Closed benofben closed 7 years ago
Suggestions from Kyle on where to get this info: https://cloud.google.com/deployment-manager/runtime-configurator/ https://cloud.google.com/compute/docs/storing-retrieving-metadata
rallyPrivateDNS - The metadata service doesn't have a way to get the IGM. I'm unclear on how to use the runtime configurator to resolve this issue.
nodePrivateDNS - I'm struggling with metadata service syntax using curl. I'll fiddle with this some more.
I've tried creating a runtime config, but and unsure of how to structure the variables in that. I sent an email to Chris asking for help.
Progress. We're creating it now...
Notes from Chris on how to do this:
So in the deployment you have the resource and you set the node count.
In the startup script you should have each VM write it's name to a variable. Using gcloud this would look like: gcloud beta runtime-config configs variables set node-list/nodeA nodea --is-text --config-name [resource config name]
Then the script would read the node count:
gcloud beta runtime-config configs variables get-value node-count --config-name [resource config name]
Then you need to read the list of nodes:
gcloud beta runtime-config configs variables list --filter=node-list --config-name [resource config name]
The last command above gives you the list of all nodes that have registered so far.
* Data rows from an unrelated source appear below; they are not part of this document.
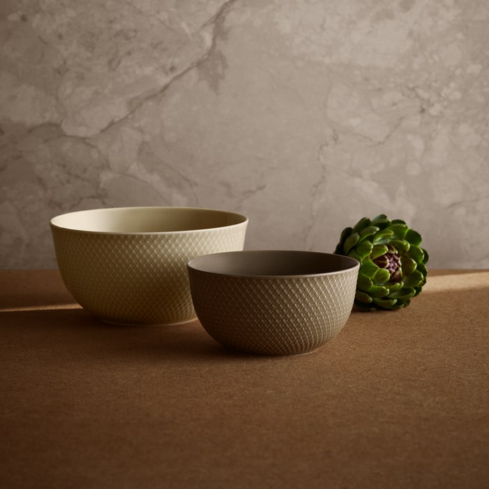 Rhombe Earth brings an earthy, harmonious touch to your table with four elegant shades — Marble, Clay, Moss, and Slate. Designed to encourage mindfulness in dining, this collection highlights the beauty of tableware while enhancing the experience of sharing meals. The Marble shade, like the others, accentuates the Rhombe series' iconic relief pattern, inviting a deeper sensory connection to food and conversation. This serving bowl measures 8.7" in diameter. Curated by design duo Stilleben, Rhombe Earth seamlessly blends with the Rhombe Color series and classic white Rhombe pieces. Plates, mugs, and bowls can be mixed and matched, stacking in warm, muted tones for a modern yet casual look. Whether used alone or combined, these earthy hues create a striking contrast against crisp white porcelain, adding effortless elegance to any setting.
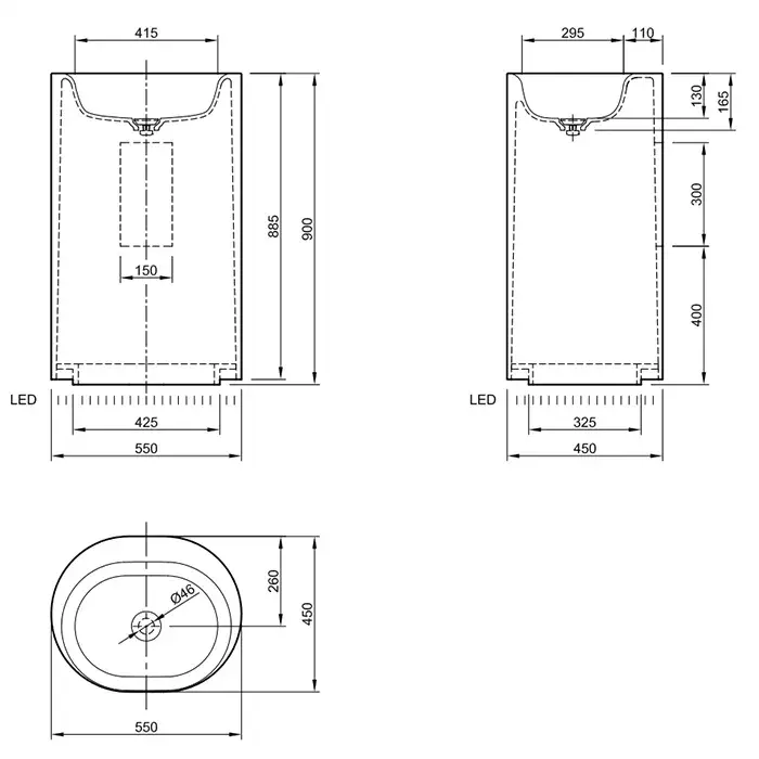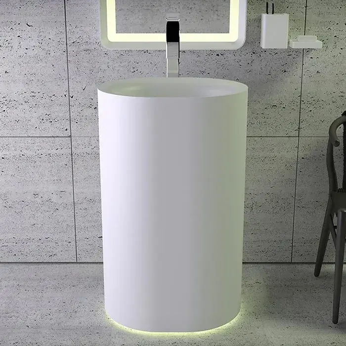 Knife Moon Раковина 55х45хh90см, напольная, с подсветкой, c выпуском белым и сифоном, слив в стену, цвет: белый матовый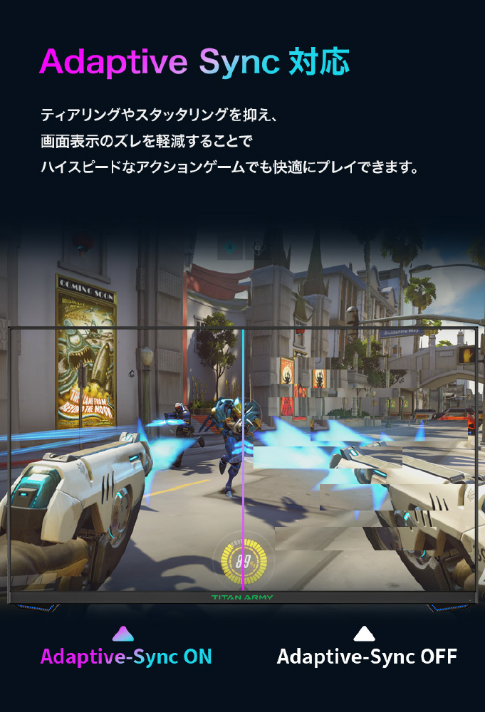 GPUとの連携により、画面のちらつきやティアリングを軽減。滑らかな映像を提供し、プレイの没入感を高めます。

Just sleep and loop until you the full list.
Sort and pick the first one.
You may have to do something to install gcloud on the VMs though.
Or you can call the api directly instead of using gcloud.
So, we're setting nodecount now. Let's try reading it from the script...
This relies on gcloud beta. Apparently we can on install this with auth preconfigured on deb 7, so we're using that now. Going to move back to Ubuntu 14 at a later date.
eesh.... we're installing the gcloud beta on deb 7 successfully now. That works as long as it happens in the startup script. However, the beta isn't authenticated, so it can't query the runtime config. I'm not sure this approach is going to work. Just sent an email to Kyle asking for help.
Ok. Apparently the gcloud beta is not the way to go. We're back to trying this with curl. Suggestion from Kyle is:
To bypass the auth/upgrade/configuration issues with gcloud I think it's time to give curl (or python/whatever) a shot and manage the access token directly. If the instances are created with a service account you can actually grab the authorization token from the compute instance metadata:
From there, I think you could use the API instructions in the Runtime Config documentation to make your requests:
It should flow the same as your gcloud commands, but we'll be removing a variable we don't have any control over (how (often) gcloud is authenticating).
I’m trying to use curl to grab a token. I tried running the commands manually in an ssh session and got:
ben_lackey@ben2-cluster1-group1-instance-0kmg:/var/log$ curl -s -H "Metadata-Flavor:Google" http://metadata.google.internal/computeMetadata/v1/instance/service-accounts/default/token{"error":"invalid_request","error_description":"Service account not enabled on this instance"}ben_lackey@ben2-cluster1-group1-instance-0kmg:/var/log$
Given the “service account” error, I was thinking running as a startup script might work. I tried running this from the startup script: ACCESS_TOKEN=$(curl -s -H "Metadata-Flavor:Google" http://metadata.google.internal/computeMetadata/v1/instance/service-accounts/default/token | awk -F\" '{ print $4 }') echo ACCESS_TOKEN: $ACCESS_TOKEN
That gave me this: Jun 8 16:37:08 ben2-cluster1-group1-instance-0kmg startupscript: ACCESS_TOKEN: invalid_request
I’m not really clear on how these curl commands would be run by a service account in the DM. It looks like that may be the topic of our discussion tomorrow.
Doc on service accounts is here: https://cloud.google.com/compute/docs/access/create-enable-service-accounts-for-instances
This is mostly working. We're getting 302 on the curl call because of DOS protection.
Seems resolved. Diagnosing as carry on DDOS issues. Closing this...
(1) Determine which IGM our rally point is in (2) Determine the first node of that IGM (3) Rally on that
Needs to be handled in the startup script. Likely a REST call.